Aim of the task
Copy the records below exactly, from the line containing "Glassy white and" through the last line, and leave out every picture.

Stored entries
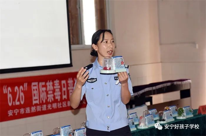 活動現(xiàn)場,有多年禁毒工作經(jīng)驗的戒毒所宣講員蔡莉菊警官,結(jié)合青少年學(xué)生好奇心強、辨別能力弱、抵制毒品侵害能力差等特點,用通俗易懂的語言,通過圖文、案例、視頻,向同學(xué)們詳細講解了毒品的定義、種類、特點、檢測、危害及預(yù)防等科普知識。
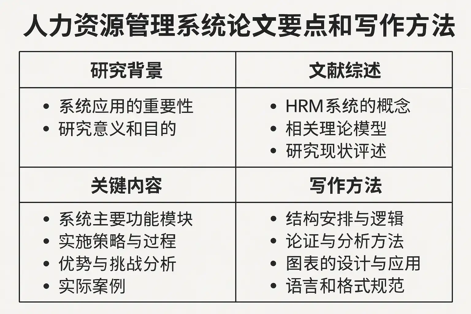我在写人力资源管理系统论文时,常常不知道应该重点突出哪些内容。核心要点到底包括哪些方面,怎样才能确保论文内容既全面又有深度?
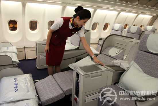 国航西南分公司成都—法兰克福首航乘务员测试180度平躺座椅设备状态
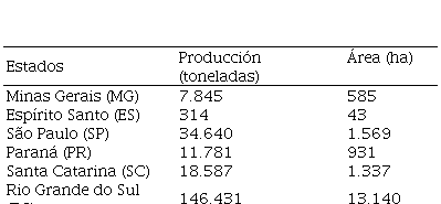Según los últimos datos disponibles, la producción nacional hoy está próxima a las 220.000 toneladas (Tabla 1). En Rio Grande do Sul se produce más del 66 % del total nacional, seguido por los estados de São Paulo, Santa Catarina, Paraná, Minas Gerais y Espírito Santo(31).
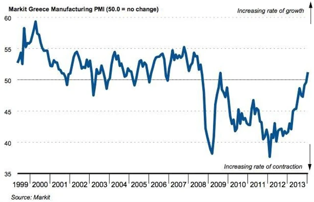 Index nákupních manažerů ve zpracovatelském sektoru v Řecku stoupl poprvé za posledních 53 měsíců do pásma, které značí oživení. Konkrétně na hodnotu 51,2 bodu z 49,6 bodu v prosinci. Hlavní indikátor stoupal vlivem rychlejšího nárůstu produkce a nových objednávek.
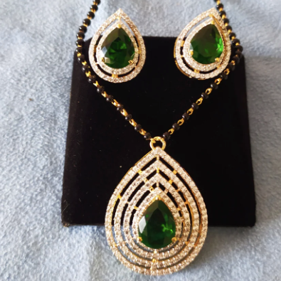 Stone Type : Cubic Zirconia, Synthetic Black Beads, Synthetic Green Stone
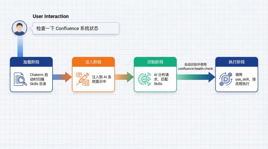 在 Chaterm 里,Skills 的工作流程是这样的:
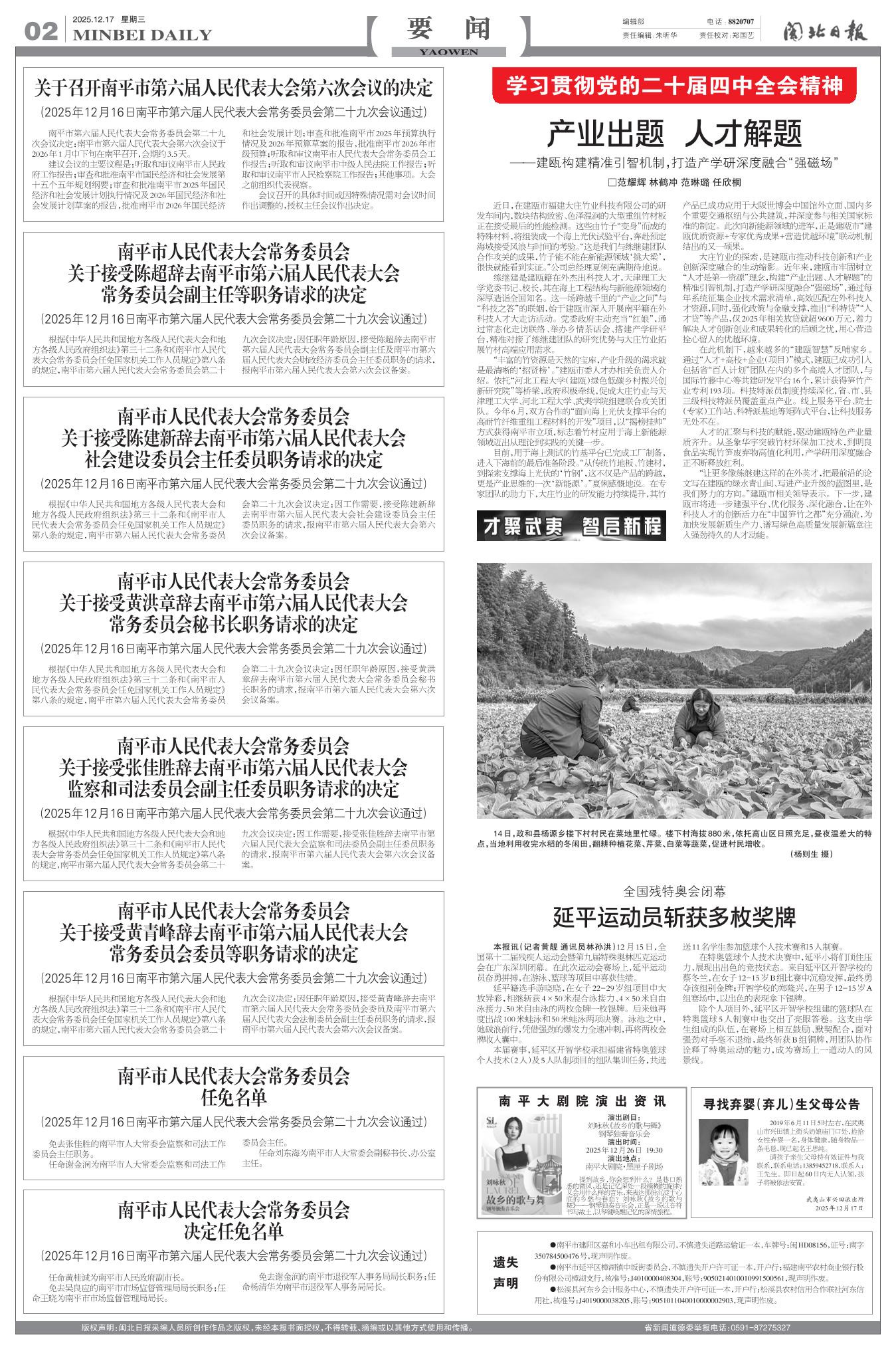 南平市人民代表大会常务委员会 决定任免名单
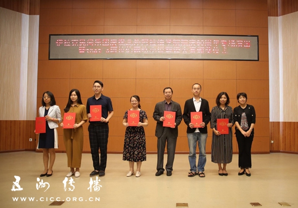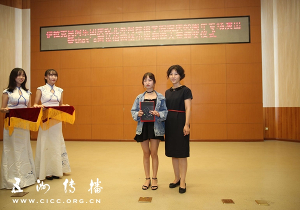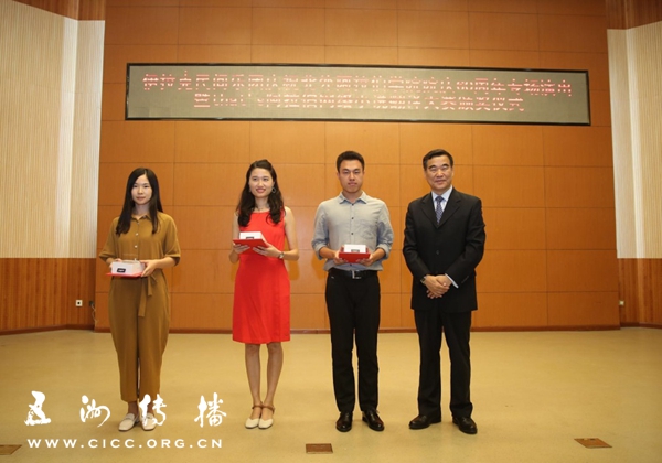 五洲传播出版社副社长荆孝敏与最佳组织奖获得者合影。
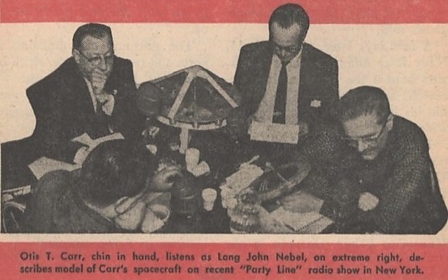 “It was the upturn point in his fortune.” That’s how Bud Gosnell described Carr’s debut on Long John Nebel’s radio show. Though Nebel and his panelists frequently challenged the claims of “crackpots,” the exposure they provided served to boost a lot of careers. Carr and Norman Colton packed up their saucer models and traveled to New York to appear on Nebel’s Party Line on April 19, 1958. It was broadcast on station WOR which had a signal powerful enough to reach half the USA and a fair chunk of Canada as well.
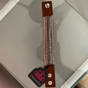 Glassy white and smoky rhinestones are encrusted along strands of brown suede. Glistening silver and gold chains are added to the bands, adding edgy industrial shimmer to the sassy palette. Features an adjustable snap closure.
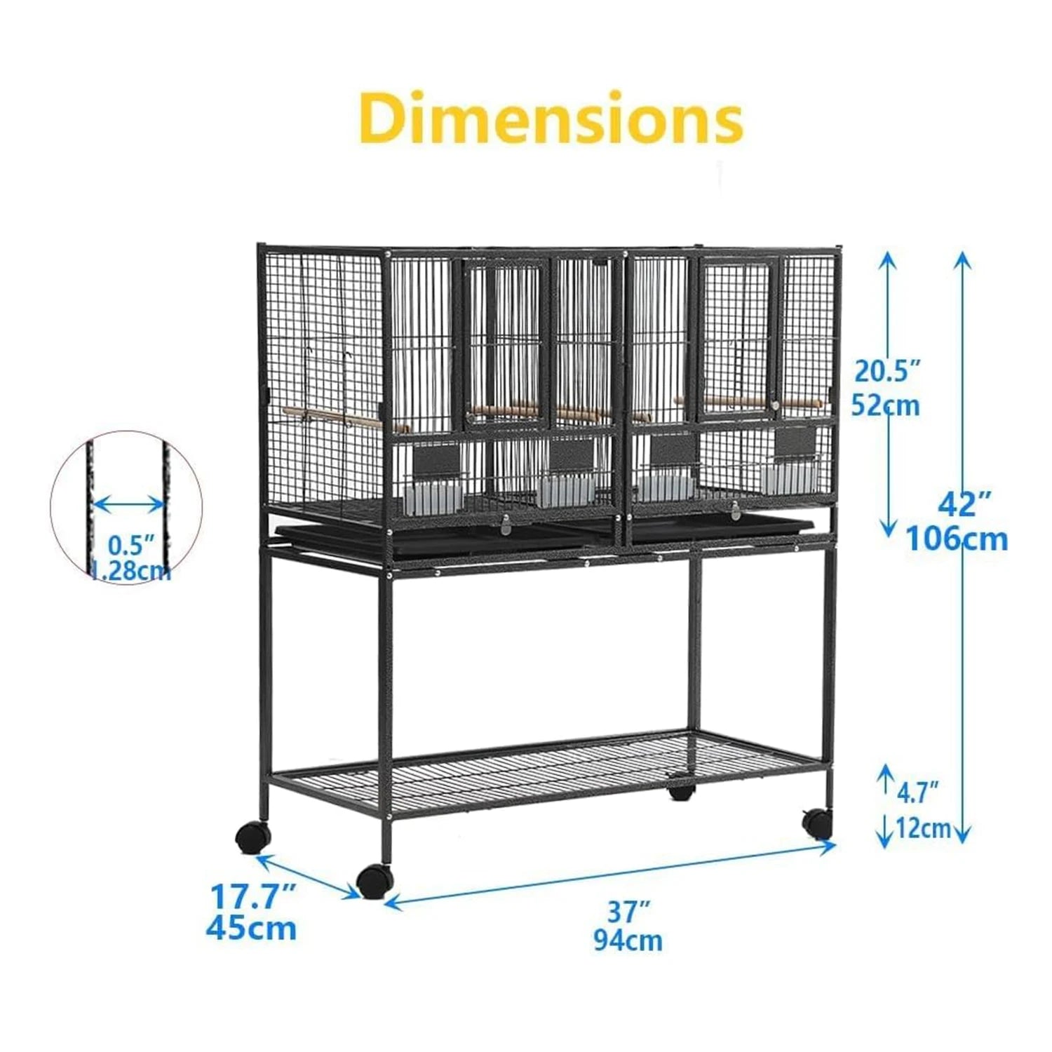 - Four smooth-rolling casters (two with brakes) enable effortless mobility; simply roll the cage to sunlit spots or social areas and lock the wheels for stable positioning.

Result
 Glassy white and smoky rhinestones are encrusted along strands of brown suede. Glistening silver and gold chains are added to the bands, adding edgy industrial shimmer to the sassy palette. Features an adjustable snap closure.
 - Four smooth-rolling casters (two with brakes) enable effortless mobility; simply roll the cage to sunlit spots or social areas and lock the wheels for stable positioning.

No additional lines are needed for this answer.